The World Test Championship (WTC), according to former England cricketer Mark Butcher, has worsened the situation for Test cricket’s promotion. The World Test Championship is “a slow-moving car crash,” according to Mark Butcher.
Much discussion has focused on how home clubs modify their pitches to their advantage to earn valuable World Series points and advance to the championship game after each two-year cycle.
World Test Championship is ‘a slow-moving car crash’
Mark Butcher, however, believes that it has merely made Tests more biased and less competitive, which causes viewers to lose interest in the format — something that the ICC may have intended when they instituted the WTC.
“The idea is that your bilateral series have to captivate the interest of the supporters and players of the two participating countries, and then the broader cricket-watching public,” he told Wisden.
And the one aspect that causes them that way is their competitive nature. And that’s how things have always been.
“I believe that the little attempt to somehow maintain its relevance has really made matters worse. In my opinion. Up until now, automobile collisions have been happening slowly, but suddenly there has been an impact.”
Mark Butcher thinks that certain boards’ inability to retain their finest players is a major contributing factor to the absence of competition across teams in the Test format.
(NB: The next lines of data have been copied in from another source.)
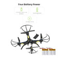 Powered by four included rechargeable batteries, you can enjoy extended flight time compared to standard drones. The 2.4GHz remote control offers a strong, stable signal with intuitive controls tailored for beginners and kids — including one-key takeoff/landing, one-key return, headless mode, and built-in trimming buttons for smooth, balanced flight.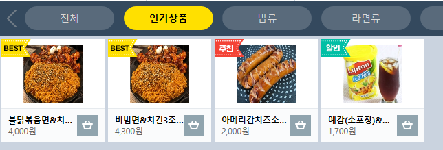 인기상품, 밥류, 라면류, 음료류, 과자류, 기타
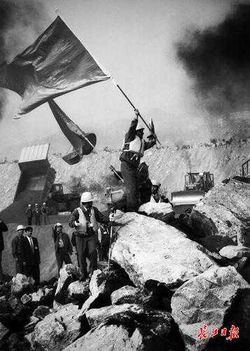 1997年11月8日15时30分,三峡工程大江截流成功,战斗在两岸堤头的建设者率先冲上合龙点的磐石,挥舞红旗。记者邱焰摄

Players leave the Test format due to the lucrative T20 contracts, which inevitably weaken the national sides.
According to Butcher, the ICC might have endeavored to ensure that all boards received equal money from TV rights. Any other means that would enable them to secure contracts that adequately secure their financial futures for their greatest players.
Five Test matches between England and India are scheduled, and the pitches should be as good as the ones the tourists saw in Ahmedabad on their last tour.